Supporting information

cif

Crystallographic Information File (CIF) https://doi.org/10.1107/S0108270199015747/fg1572sup1.cif
Contains datablocks I, II, global

hkl

Structure factor file (CIF format) https://doi.org/10.1107/S0108270199015747/fg1572Isup2.hkl
Contains datablock I

hkl

Structure factor file (CIF format) https://doi.org/10.1107/S0108270199015747/fg1572IIsup3.hkl
Contains datablock II

CCDC references: 143264; 143265

Comment top

Our continuing interest in the crystallography of keto acids lies in mapping the molecular characteristics that control their five known hydrogen-bonding modes. Among several small cyclic systems we have investigated, carboxy bicyclo[2.2.1]heptanones stand out as producing significant proportions of catemeric acid-to-ketone hydrogen bonding (Lalancette et al., 1997). We present here the crystal structures of two further compounds in this series, a β-keto acid, 7-oxobicyclo[2.2.1]heptane-1-carboxylic acid, (I), and a γ-keto acid,(±)-7-oxobicyclo[2.2.1]hept-5-ene-2-endo-carboxylic acid, (II).

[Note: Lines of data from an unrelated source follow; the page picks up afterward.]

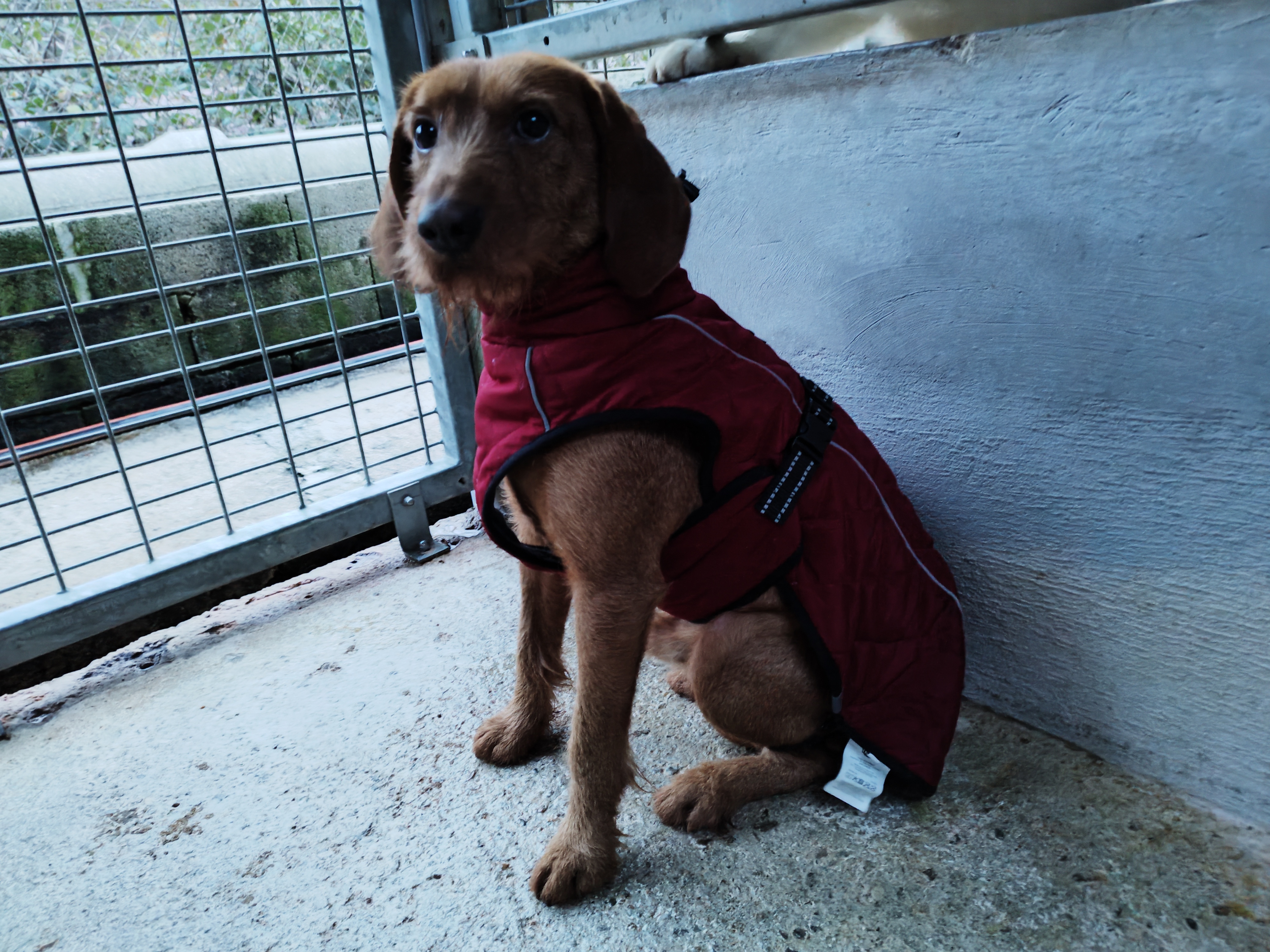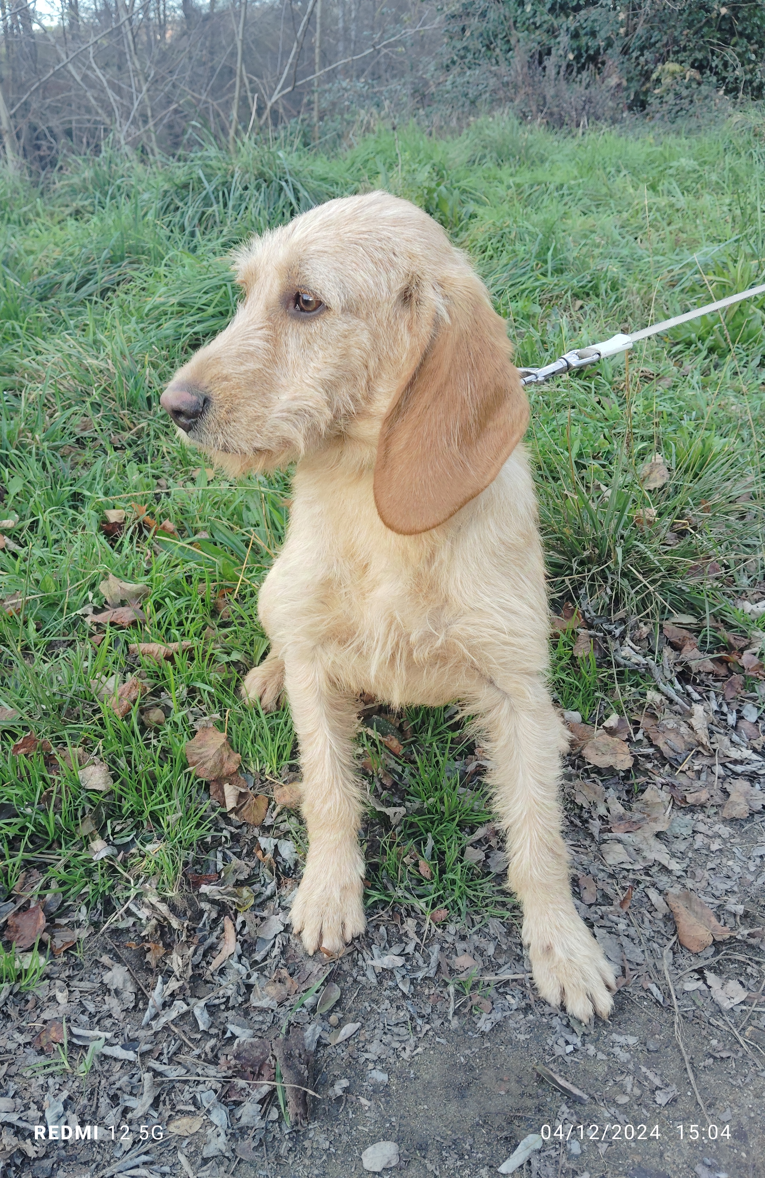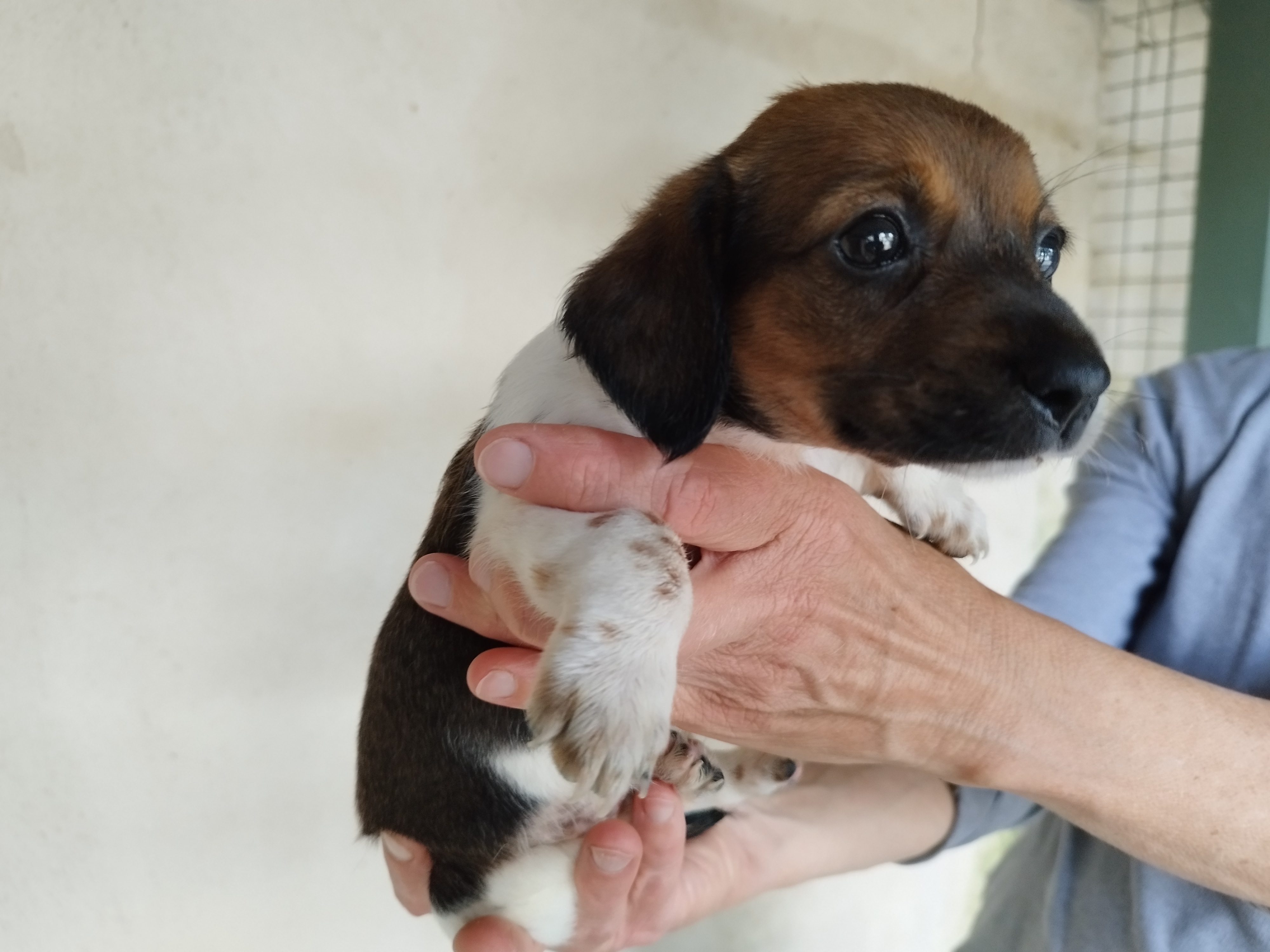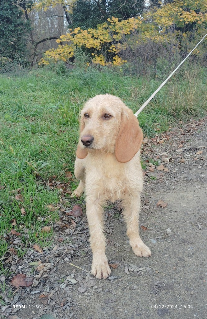 Rox est un chiot de 11 mois, croisé Basset Fauve de Bretagne. Il est gentil et se promène facilement. Rox est encore craintif dans son box ; il lui faut beaucoup de douceur.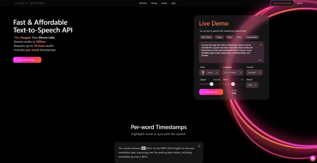 - Reduced Production Overheads: By eliminating the need for voice actors, studio rentals, and sound engineers, Unreal Speech offers a highly cost-effective solution for creating professional-quality audio at scale.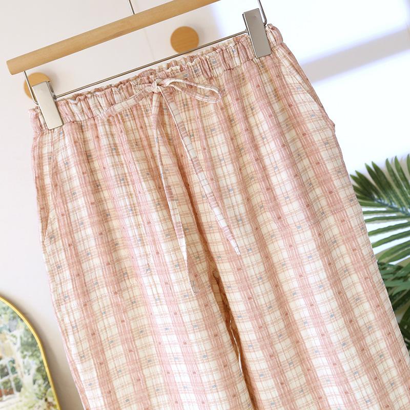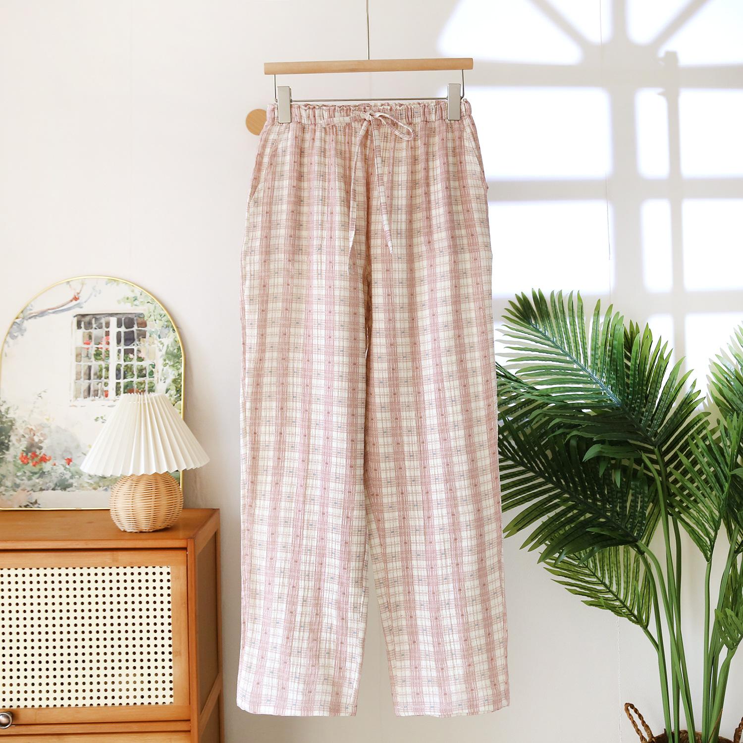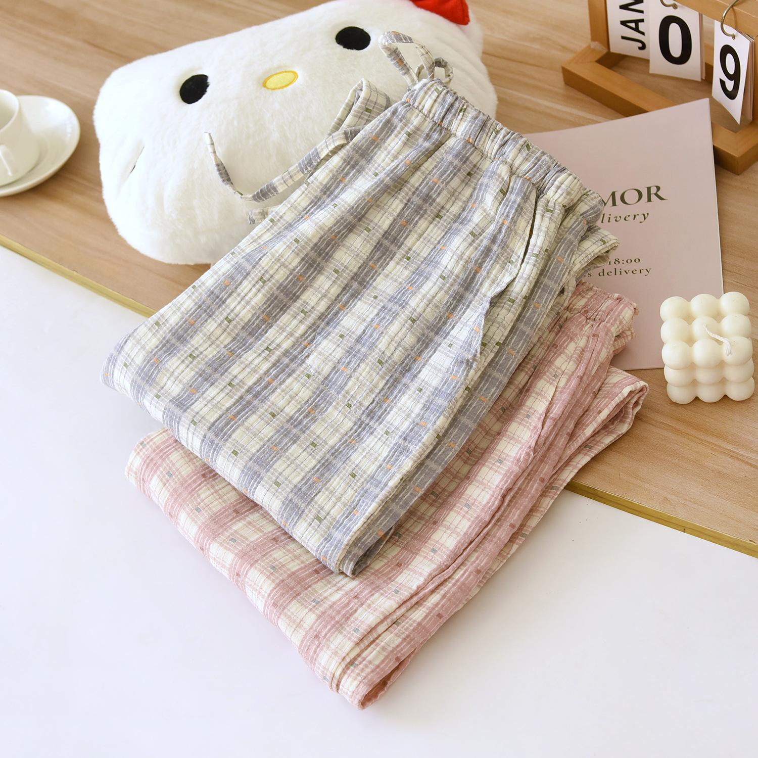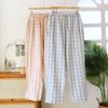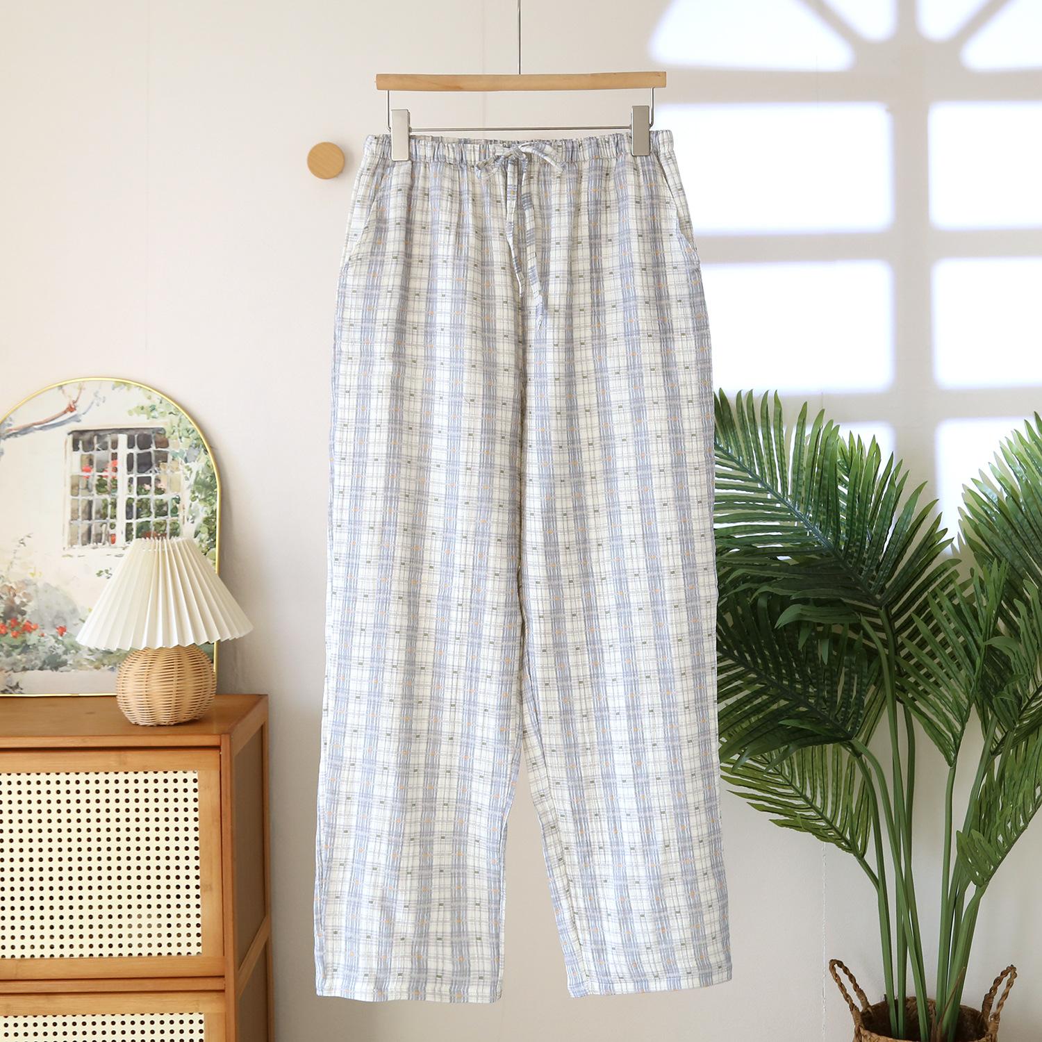 Pantalones de Pijama Finos de Cuatro Estaciones para Pareja Talla Grande Pantalones para Casa Gasa Doble Lavada Pantalones Prellis Sueltos Sencillos para Hombre y Mujer

Although their geometry appears favorable for internal hydrogen bonding, the few β-keto acids whose X-ray structures have been determined display scant tendency toward that hydrogen-bonding mode (Thompson et al., 1996), opting instead for catemeric (Lalancette et al., 1991) or dimeric aggregation (Lalancette et al., 1999). Among simple keto acids, internal hydrogen bonding is better served by seven-membered geometry, and, indeed, occurs most often among γ-keto acids. Fig. 1, showing a pair of molecules of (I) hydrogen-bonded together as a centrosymmetric dimer, reveals that (I) is not internally but dimerically hydrogen bonded. Although the homologous 9-oxobicyclo[3.3.1]nonane-1-carboxylic acid (Thompson et al., 1992) possesses a plane of symmetry, (I) is found to have conformational chirality, even though the molecule is not inherently chiral. A major source of this asymmetry in (I) is the partial order in the carboxyl group. Some averaging of carboxyl bond lengths and angles by disorder is common in acid dimers (Leiserowitz, 1976), and the C=O and C—O bond lengths in (I) are 1.233 (2) and 1.284 (2) Å, respectively, with angles of 121.0 (2) and 116.4 (2)° for C—C=O and C—C—O, respectively. Values cited as typical for highly ordered dimeric carboxyls are 1.21 and 1.31 Å, and 123 and 112°, respectively (Borthwick, 1980). Consistent with this, partial carboxyl H atoms were found in electron density difference maps and were refined to an occupancy ratio of 0.68 (4):0.32 (4) for H atoms bonded to O3 and O2, respectively. The carboxyl group is also rotated very slightly from orthogonality relative to the ketone plane. This departure of the carboxyl group from the `symmetric' arrangement is indicated by the C1—C7—C4 versus C8—O2—O3 dihedral angle of 87.2 (2)° and by a C7—C1—C8—O2 torsion angle of -91.8 (2)°. Additional chirality is imparted by a very slight twist of the bicycloheptane system: torsion angle C1—C2—C3—C4 = -1.3 (2)°, while angle C1—C6—C5—C4 = -1.1 (2)°. The packing for (I) involves typical centrosymmetric dimers centered at (1/2,1/2,1/2), with a second screw-related set centered on the a edge of the chosen cell; the O···O distance is 2.639 (2) Å.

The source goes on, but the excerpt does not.